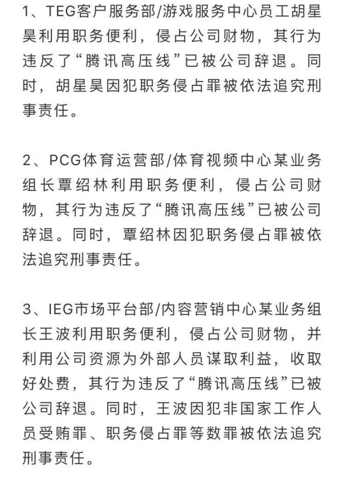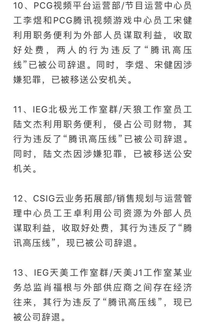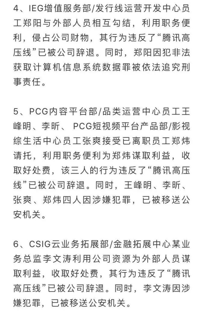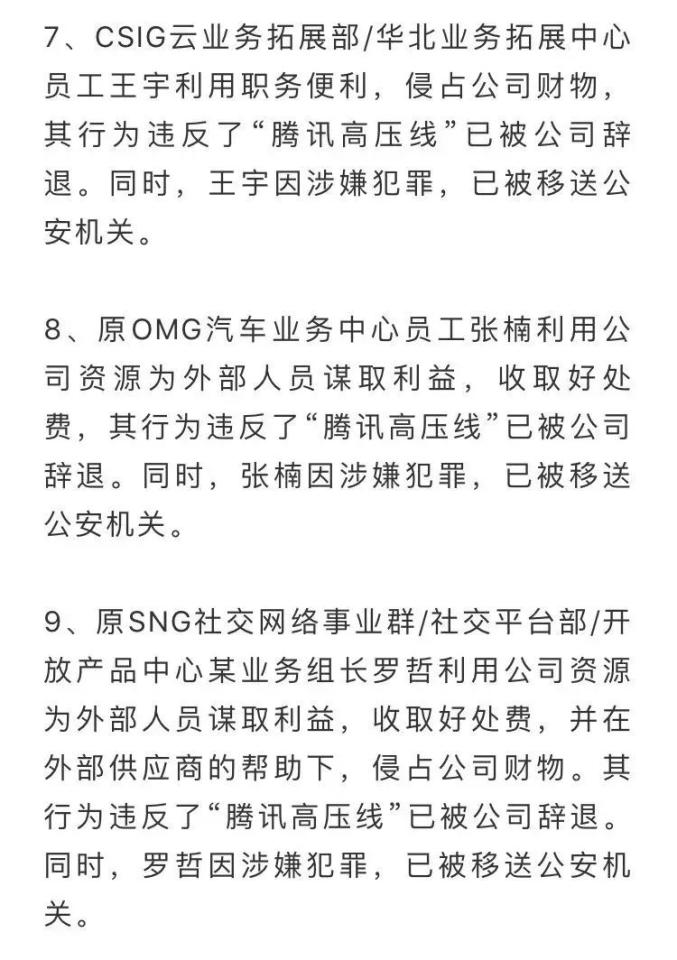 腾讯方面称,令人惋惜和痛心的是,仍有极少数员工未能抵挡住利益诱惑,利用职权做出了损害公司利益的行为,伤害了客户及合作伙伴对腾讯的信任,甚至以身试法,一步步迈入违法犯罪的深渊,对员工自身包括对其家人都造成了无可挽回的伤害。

---+---

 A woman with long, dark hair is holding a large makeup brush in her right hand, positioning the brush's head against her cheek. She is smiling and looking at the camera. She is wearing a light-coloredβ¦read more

---+---

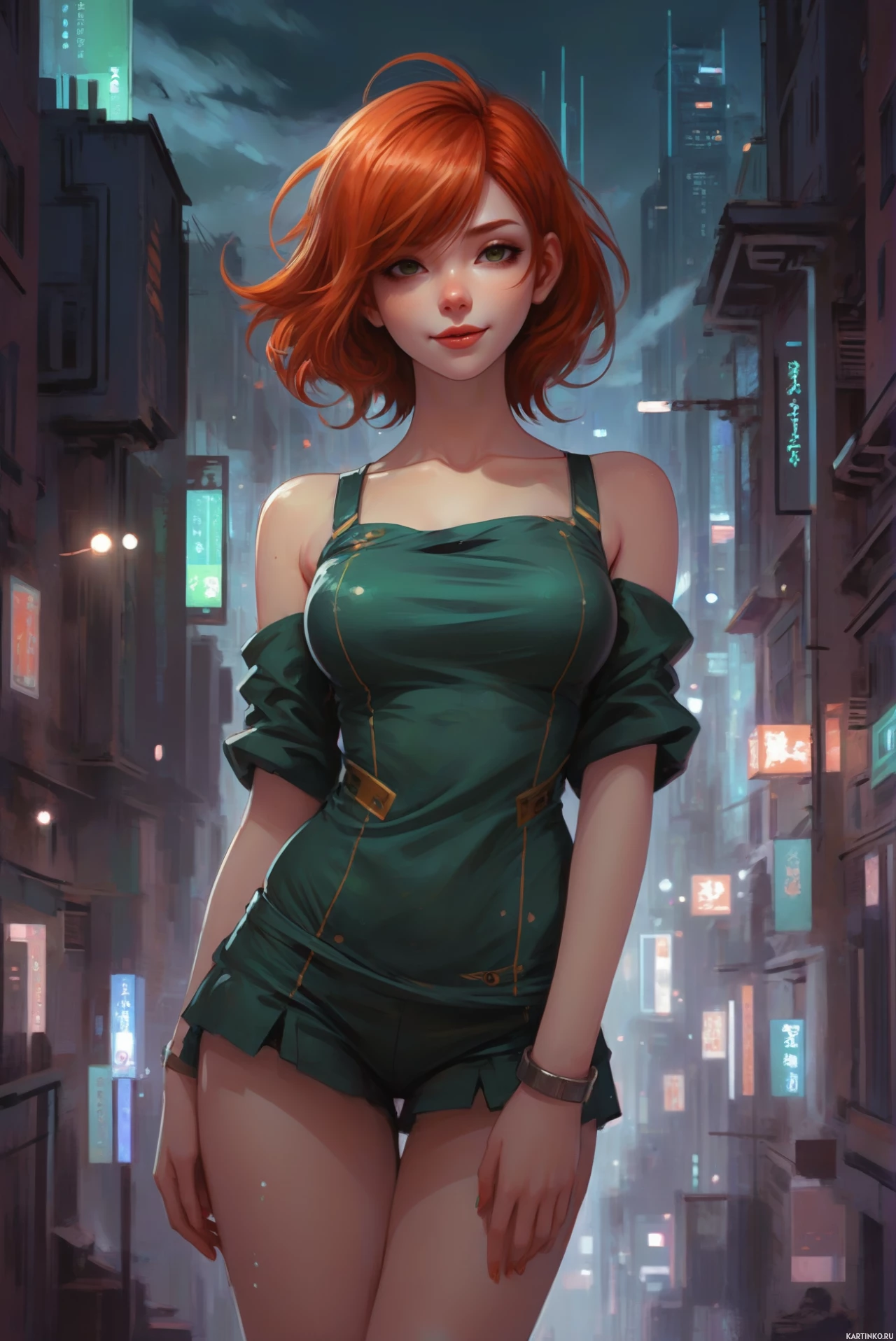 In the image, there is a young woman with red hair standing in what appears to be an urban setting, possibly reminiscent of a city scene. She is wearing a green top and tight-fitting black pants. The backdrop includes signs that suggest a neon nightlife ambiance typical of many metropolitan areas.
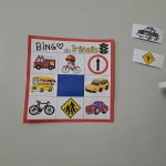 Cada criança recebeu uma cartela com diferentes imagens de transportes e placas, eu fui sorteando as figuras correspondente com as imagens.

---+---

## Directions for this task
In the records above, find the line with "In the image, there". Print exactly from there through the line with "Cada criança recebeu", minus the pictures.

## Task solution
 In the image, there is a young woman with red hair standing in what appears to be an urban setting, possibly reminiscent of a city scene. She is wearing a green top and tight-fitting black pants. The backdrop includes signs that suggest a neon nightlife ambiance typical of many metropolitan areas.
 Cada criança recebeu uma cartela com diferentes imagens de transportes e placas, eu fui sorteando as figuras correspondente com as imagens.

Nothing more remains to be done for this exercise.